### Data section
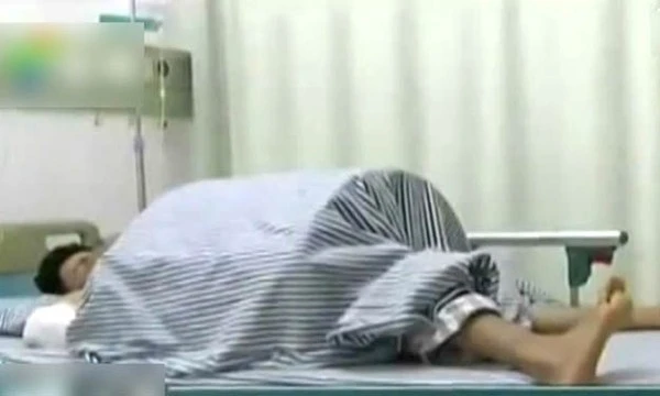 Cậu thanh niên nằm điều trị trong bệnh viện.
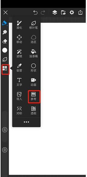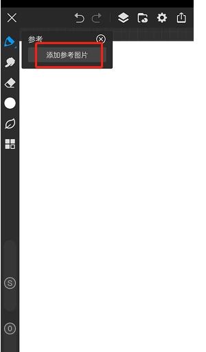 3.点击后画布的左上角会有一个【参考】的小界面,选择【添加参考图片】
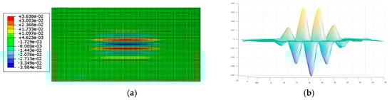 Under the condition that the tension is 1 N, the elastic modulus is 2100 MPa, and Poisson’s ratio is 0.3, the numerical simulation model of a web wrinkle with different thickness is established by changing the web thickness, and the stress cloud of critical compressive stress is obtained. Figure 10 shows the influence of different web thicknesses on the web wrinkle deformation on the surface of the guide roller in four situations: (1) the web thickness is 0.01 mm (as shown in Figure 10a); (2) the web thickness is 0.02 mm (as shown in Figure 10b); (3) the web thickness is 0.05 mm (as shown in Figure 10c); (4) the web thickness is 0.1 mm (as shown in Figure 10d).
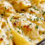 Creamy Chicken Alfredo Stuffed Shells filled with juicy shredded chicken, ricotta, cottage cheese, and herbs, all baked in a rich homemade Alfredo sauce. A comforting, hearty pasta dish perfect for weeknights, gatherings, or make-ahead meals.
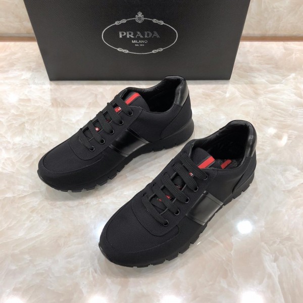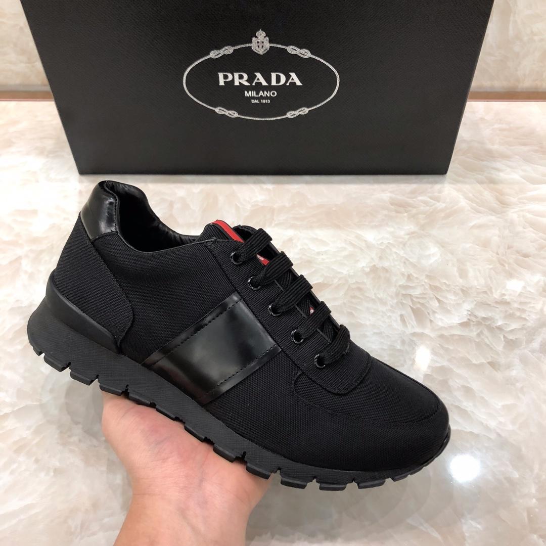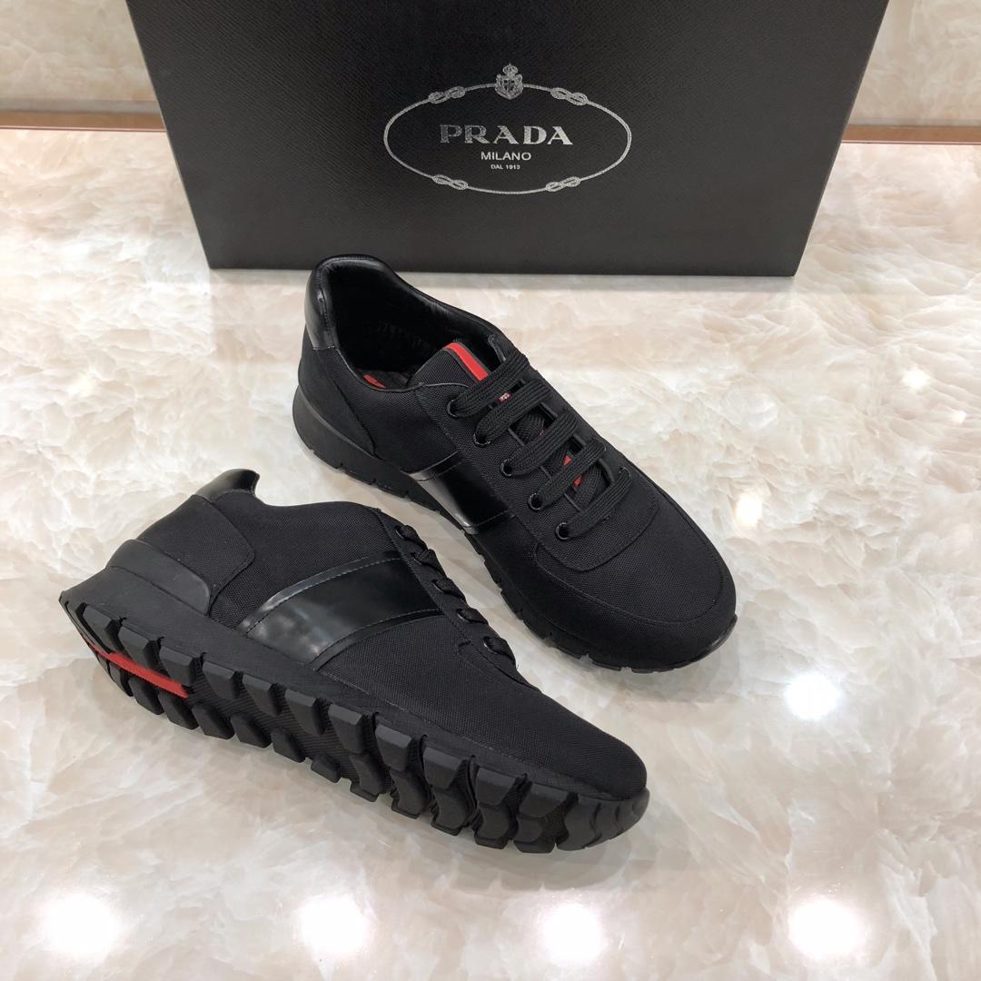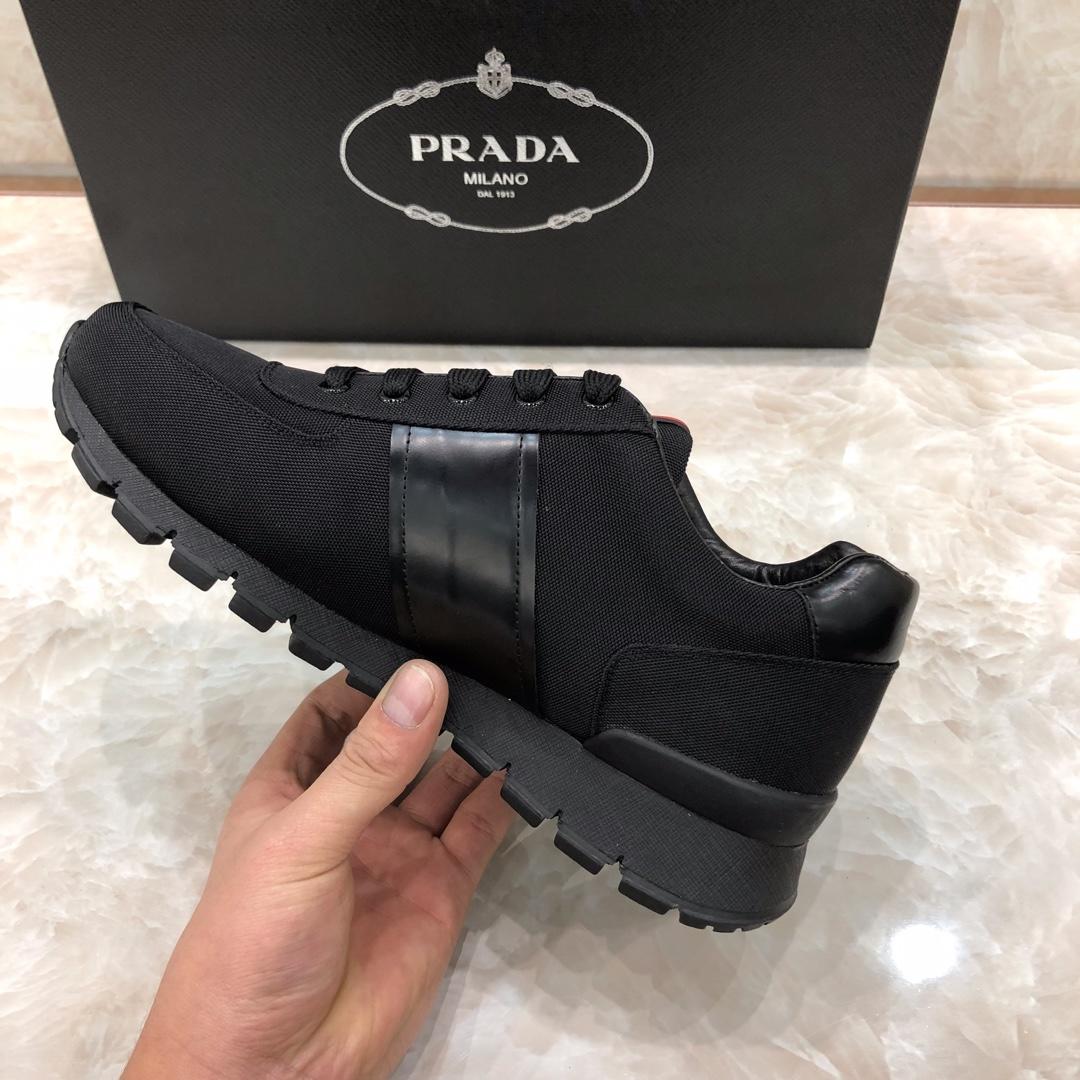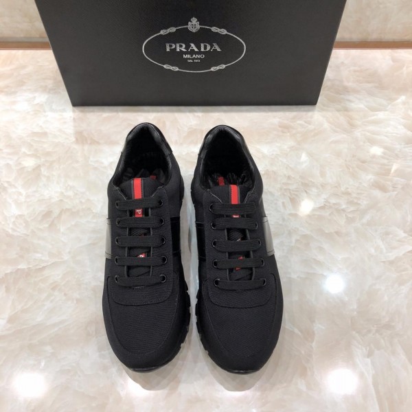 Replica Prada Perfect Quality Sneakers Black and black leather heel with black sole MS071314
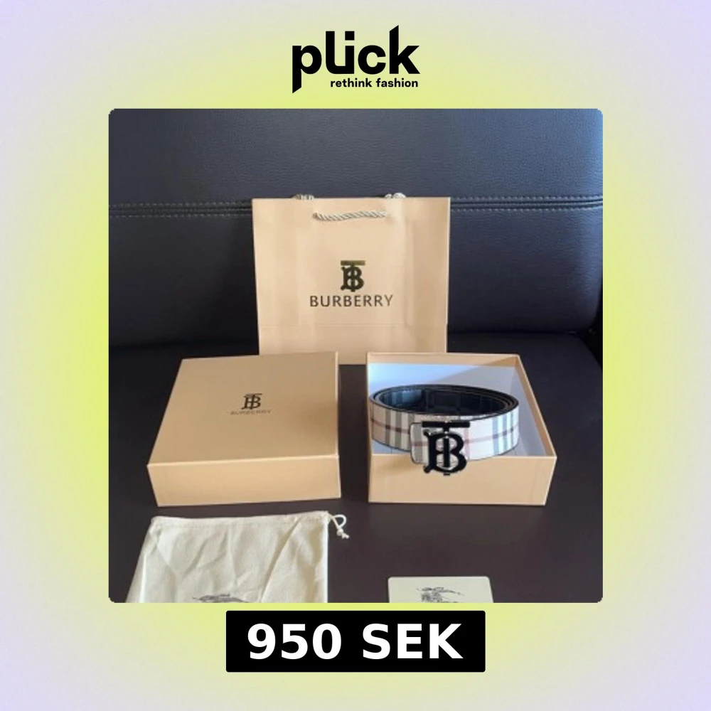 Säljer ett klassiskt rutig bälte från Burberry med ikoniskt BB-spänne i svart metall. Bältet har beige, svart och röd färg i det typiska Burberry-mönstret och är tillverkat i skinn. Perfekt accessoar för att lyfta din outfit.
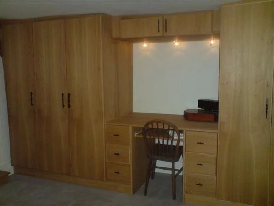 European oak fitted wardrobes incorporating L.E.D lighting above desk area
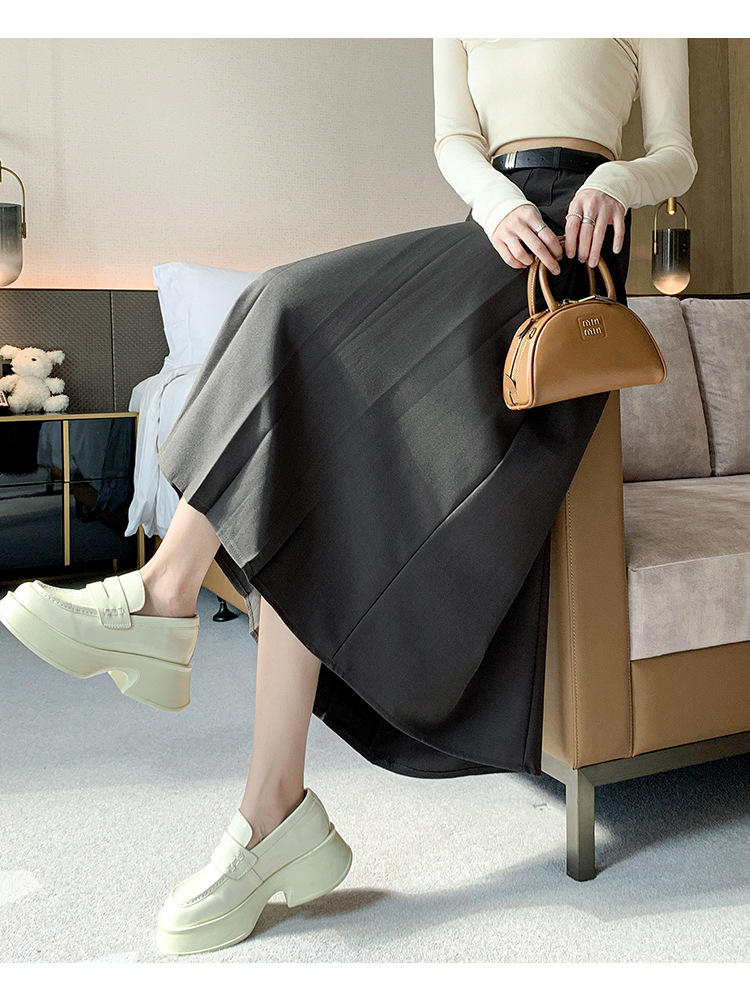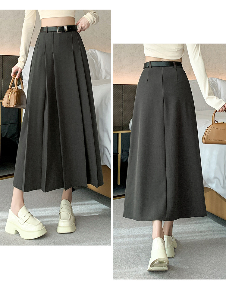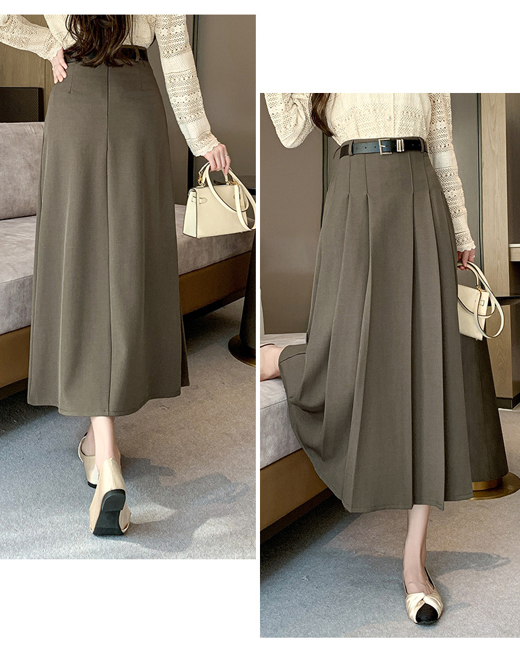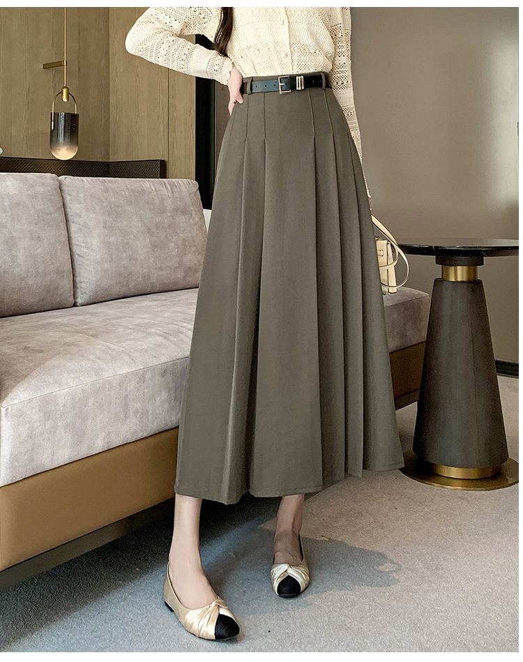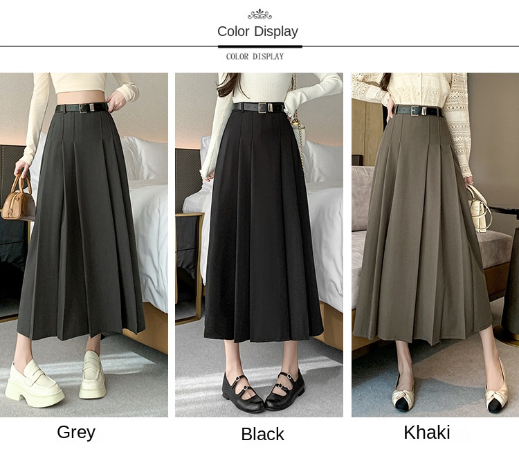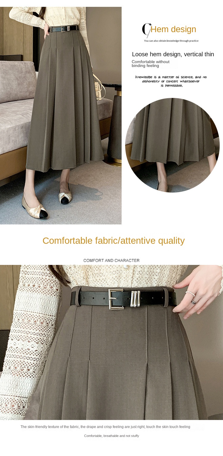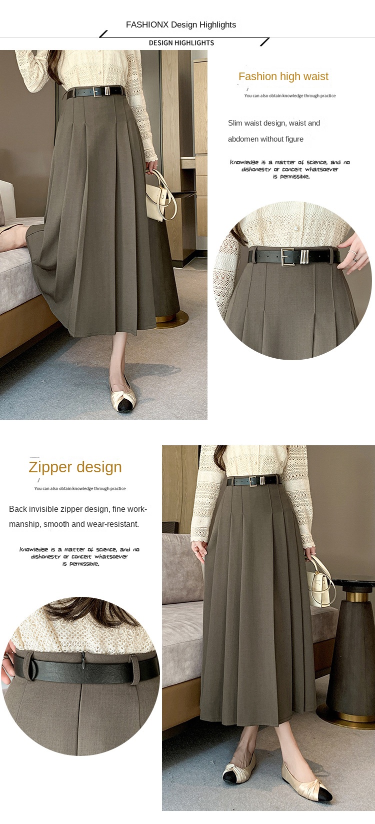 Mid-length A-line Skirt for Women High Waist Pleated Long Skirt Office Style Over-the-Knee Suit Style Umbrella Skirt

### Task instructions
Through the line containing "3.点击后画布的左上角会有一个【参考】的小界面,选择【添加参考图片】" and no further, restate the data above word for word from its first line, leaving out pictures.

### Written solution
 Cậu thanh niên nằm điều trị trong bệnh viện.
 3.点击后画布的左上角会有一个【参考】的小界面,选择【添加参考图片】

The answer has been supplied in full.